春まだ浅き日の午後,東大本郷キャンパスでル・クレジオ氏の講演を聞いた。講演のタイトルは「詩の魅力 Charme de la poésie」というまさに魅力的なもの。フランス語の同時通訳機も申し込んで楽しみにしていたものの,彼の小説は何を読んだかすら忘却の彼方。あわてて書棚から文庫本(集英社文庫 1995)を取り出して,通勤電車のお伴にする。法文2号館の入り口。
「モンド」は静かな,そしてとても美しい小説だ。モンドが一体何者で,彼はどこから来てどこへ行ったのか,深く詮索する必要はないのだと思う。この小説を読む私が,モンドの愛する,社会の周縁の愛すべき存在であれば,彼のすべてを理解することができるはずだから。
「モンドは 人のたくさんいるところがあまり好きではなかった。むしろ遠くまで見通せる開けた場所,見晴らし台とか,海のまん中に突き出た突堤とか,タンクローリーの走るまっすぐな大通りとかの方を好んだ。彼が話しかけようと思う人たちが見つかるのはそういう場所だった,ただこう言うだけではあったが。『僕を養子にしてくれますか?』/それは,いささか夢見るような人たちで,手を後ろに組んで何か別のことを考えながら歩いていた。天文学者,歴史の教授,音楽家,税官吏などがいた。時には誰か日曜画家もいて,折りたたみ椅子に座って船や木や日没を描いていた」(p.55より)
日々,「歴史の教授」とお仕事をしている私は思わずにやりとしてしまう。さて,講演の方はどうだったかというと,ウェルギリウスからボードレール,李白,杜甫,松尾芭蕉,ランボーなどなど,ル・クレジオ氏が選び,朗読し,解説をし,時々東大教授の中地義和氏が補足の解説をはさむというものだった。日本語対訳のはいった美しいテキストが配布され,同時通訳のおかげもあって,その素晴らしい講義を堪能させてもらった。
とりわけ,李白(仏語表記Li Bai)や王維(Wang Wei)の仏訳の朗読の心地よさ。原文(漢詩)の方が視覚的に理解できるにも関わらず,だ。詩とは現在でも過去でも未来でもなく,永遠なるものであると静かに語った。

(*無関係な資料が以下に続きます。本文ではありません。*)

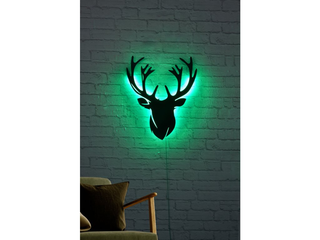 Z kvalitní MDF desky vyrobená nástěnná dekorace je vylepšena o LED zelené osvětlení a může být skvělým doplňkem například pro milovníky myslivosti.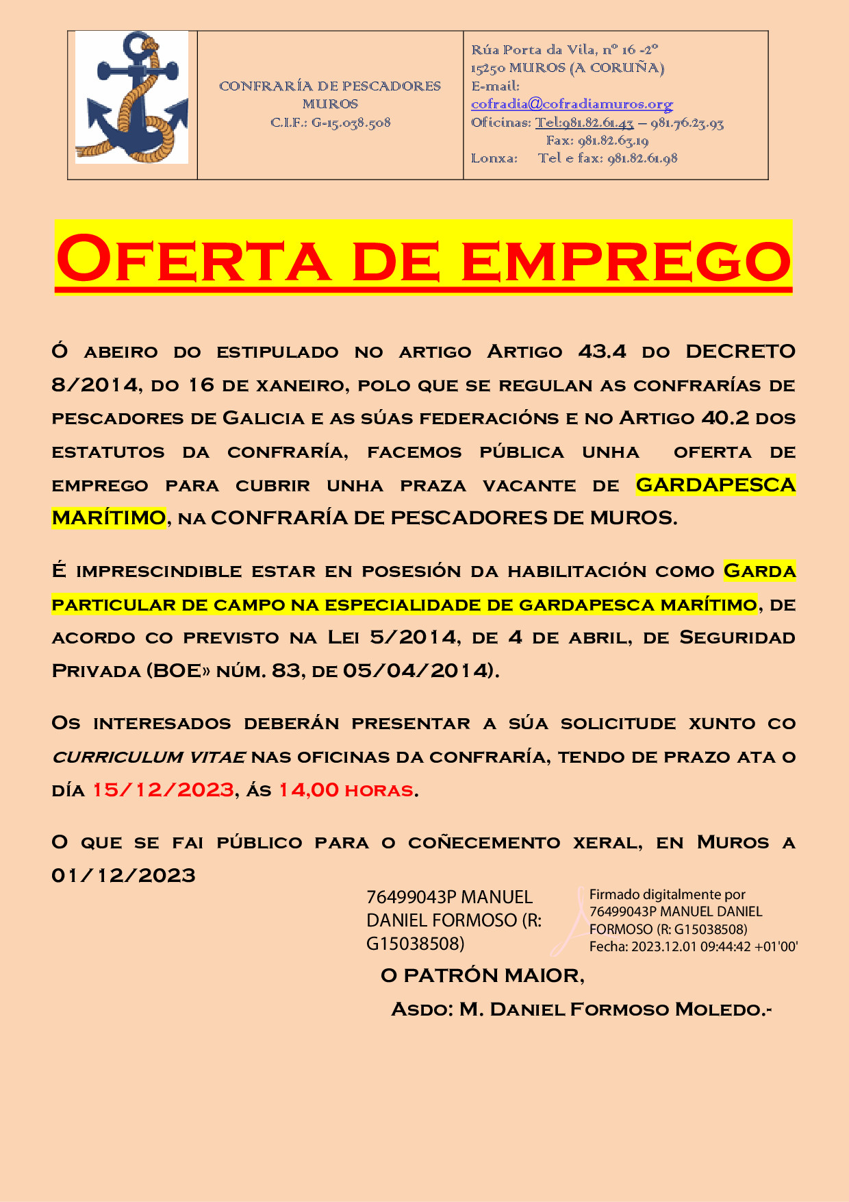 2. Esta relación publicarase o día 5 de febreiro de 2024 no seguinte enderezo https://mar.xunta.gal/gl/de-interese/novidades
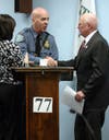 In his remarks to the council and assembled crowd, which included a sea of blue uniforms belonging to his fellow officers, Vanderstreet thanked his friends, family and colleagues for their support.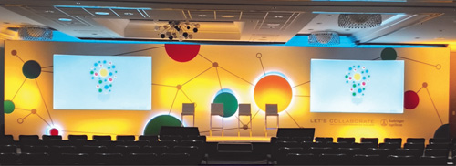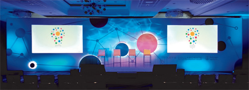Olson Visual used the T3 modular framework system to create an 18 metre long conference display wall with a few key features that needed to be included into the design for the actual project. The brief called for a large display wall to be situated on the stage and serve as a back drop for the numerous speakers that were to present at the event. The design included two projection screens and custom cut out circles.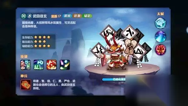 武田信玄:辅助型神将,开场增加我方全体速度以攻击力,大招“风林火山”连续施展四个状态(风-击飞面前范围敌人施加旋风状态,林-施加潮湿状态,火-为我方全体施加狂暴状态,山-为我方全体施加护盾)。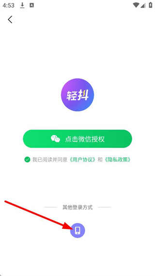 3、在登錄方式選擇頁面,點(diǎn)擊手機(jī)號(hào)登錄圖標(biāo),進(jìn)入手機(jī)號(hào)快捷登錄頁面。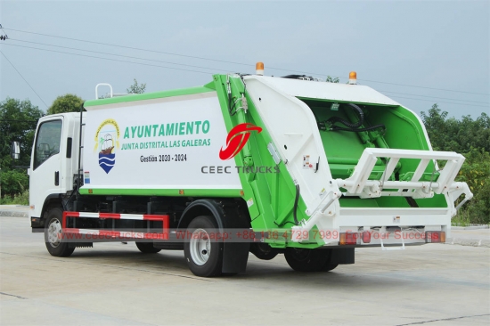 ISUZU 10CBM Achterlaad vuilniswagen (ook wel genoemd ISUZU afvalpers, achterlader, ISUZU afvalverwerkingswagen, achterlader vuilniswagen, afvalperswagen, afvalpers fabrikant) is Ontworpen voor het dagelijks transport van afval in woonwijken zoals alle soorten steden, grote stations, havens en kades, luchthavens en dichtbevolkte gebieden zoals industriële en mijnbouwbedrijven en militaire eenheden.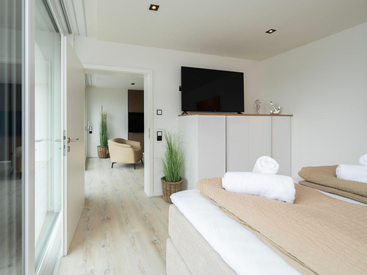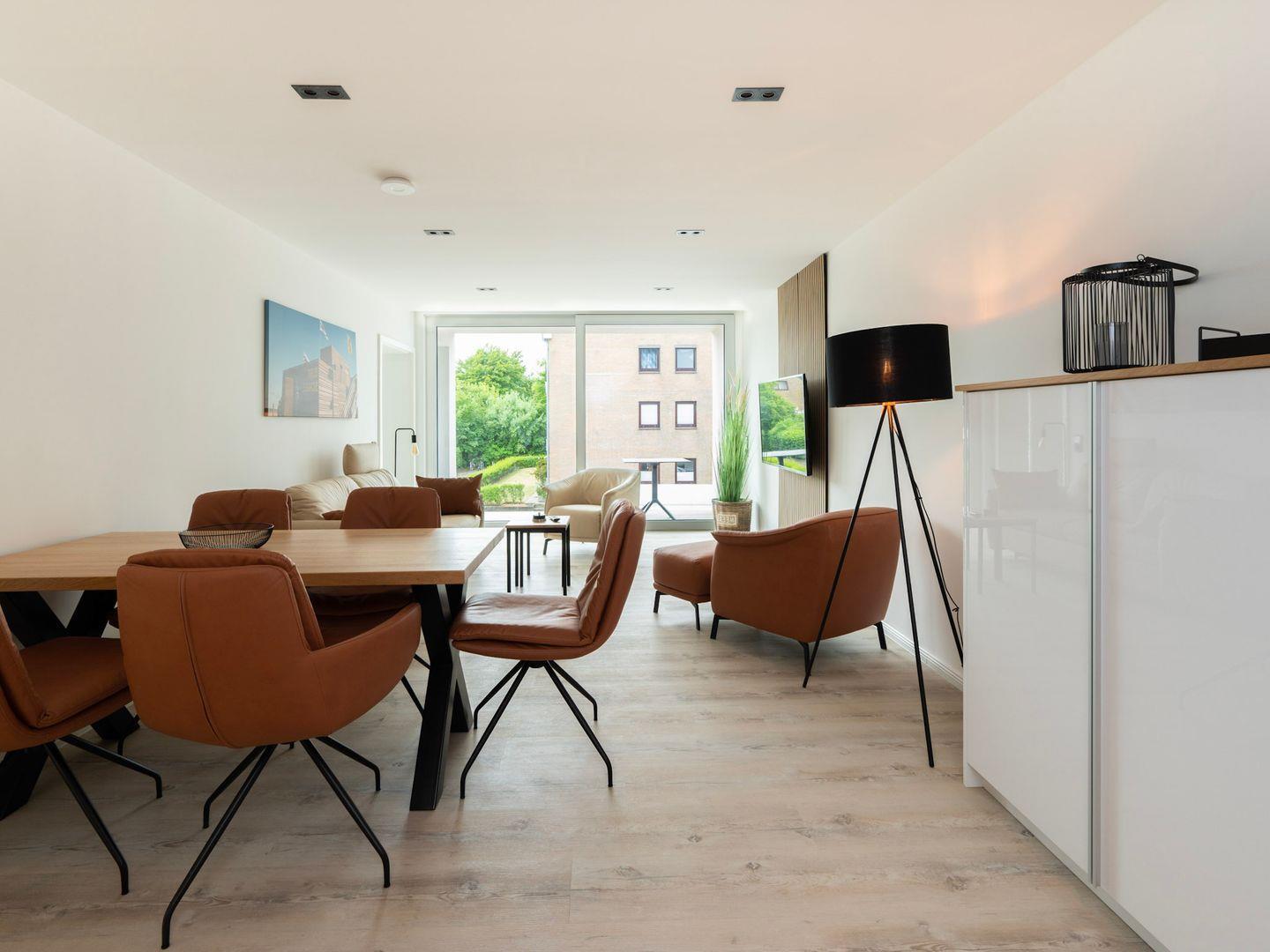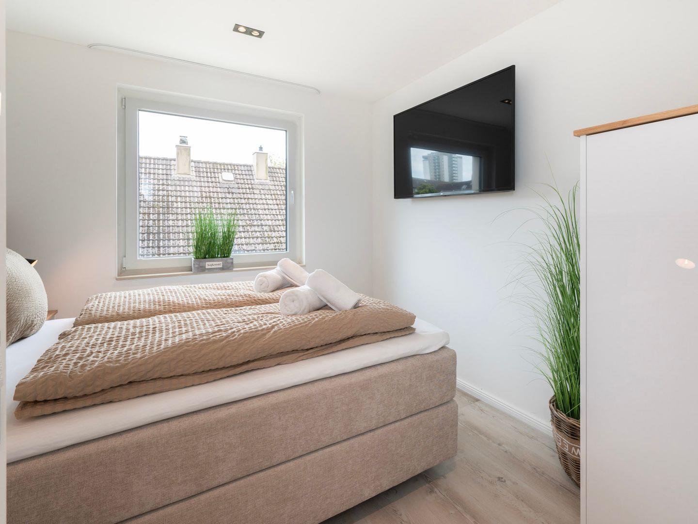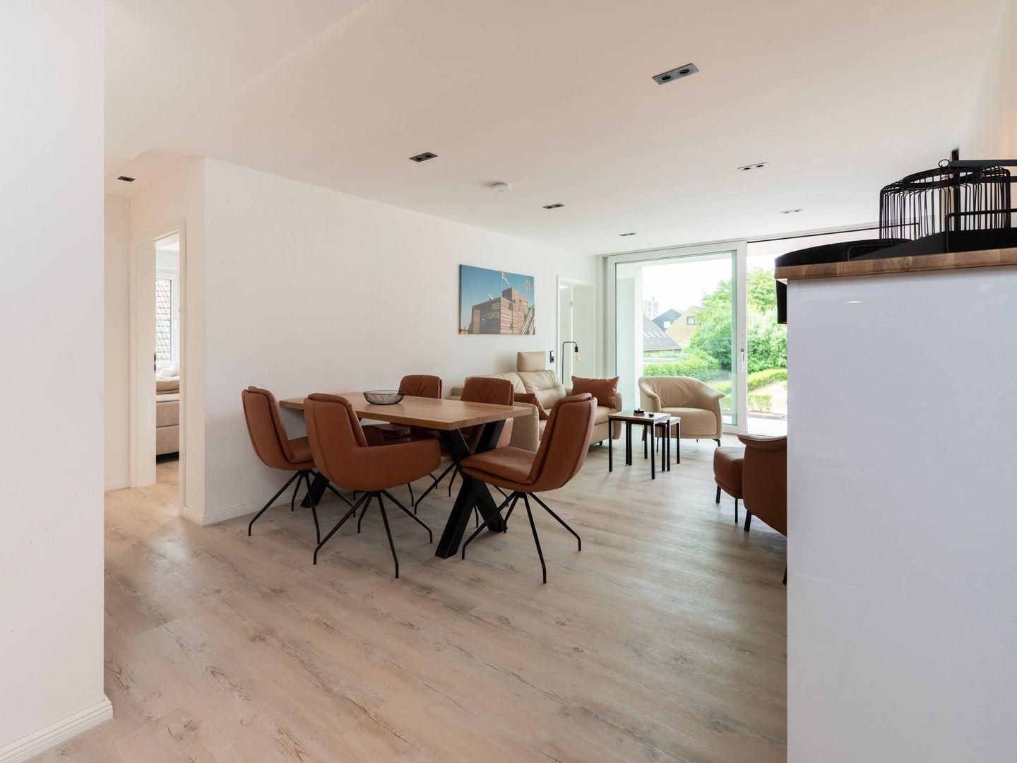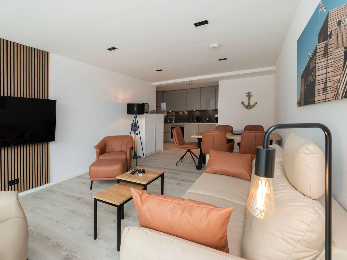 Die Wohnung verfügt über zwei einladende Schlafzimmer, die durch eine Allergiker geeignete Ausstattung auch für Allergiker eine erholsame Nachtruhe versprechen. In der offenen Küche, die zum gemütlichen Wohnzimmer hin übergeht, können Sie kulinarische Köstlichkeiten zubereiten. Hier stehen Ihnen moderne Geräte wie ein Cerankochfeld, Backofen, Spülmaschine sowie diverse Küchenutensilien zur Verfügung. Genießen Sie Ihre Mahlzeiten am großen Esstisch oder entspannen Sie auf der Sofaecke, während Sie die Unterhaltung am auf einem der drei TV genießen. WLAN ist in der gesamten Wohnung verfügbar, sodass Sie auch im Urlaub immer online bleiben können.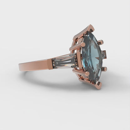 2 cttw Natural London Blue Topaz Three-Stone Engagement Ring - Solid Gold (Marquise Cut,11x5.5mm)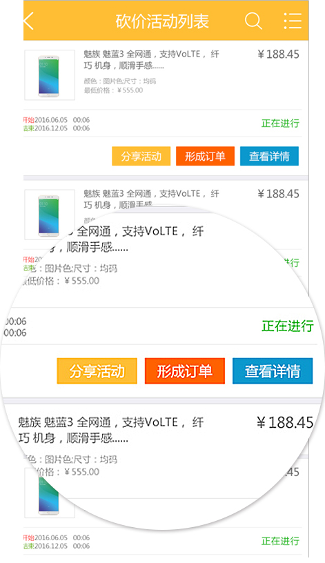 3、發(fā)起活動(dòng)的顧客,可以即時(shí)的看到幫他砍價(jià)的朋友是誰(shuí),砍了多少錢,且需砍到商家設(shè)定的最低價(jià)時(shí)才能購(gòu)買。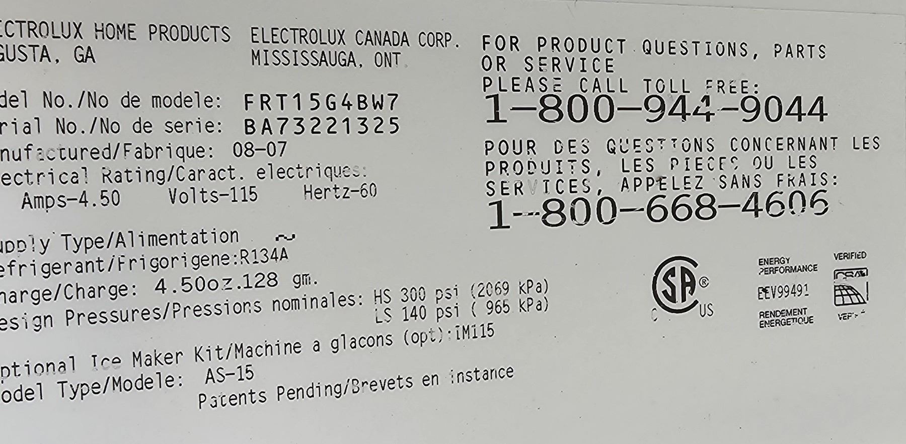 Frigidaire Fridge/Freezer Model# FRT15G4BW7 - Untested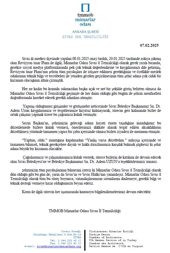 Mimarlar Odası Sivas İl Temsilciliği, yaptığı görüşmeler neticesinde Sivas Belediye Başkanı Dr. Adem Uzun’un çağrılarına kayıtsız kalmadığını ve sürecin geri kalanında kendileriyle ortak çalışma yapılacağını açıkladı.

講演の最後,文化の違いを前提とした詩を理解することへの意味を問われて,自分と隣人の間にはもともと「間」があるのだ,つながりすぎる必要などない,という内容を答えていた。完全に理解しようとすることはない,「間欠的な理解」こそ大切なのだ,ということだっただろうか。テンポも速く,いかんせんフランス語は単語を聞き取るのも大苦戦だったので,講演の字幕付き動画公開を首を長くして待つことにしようと思う。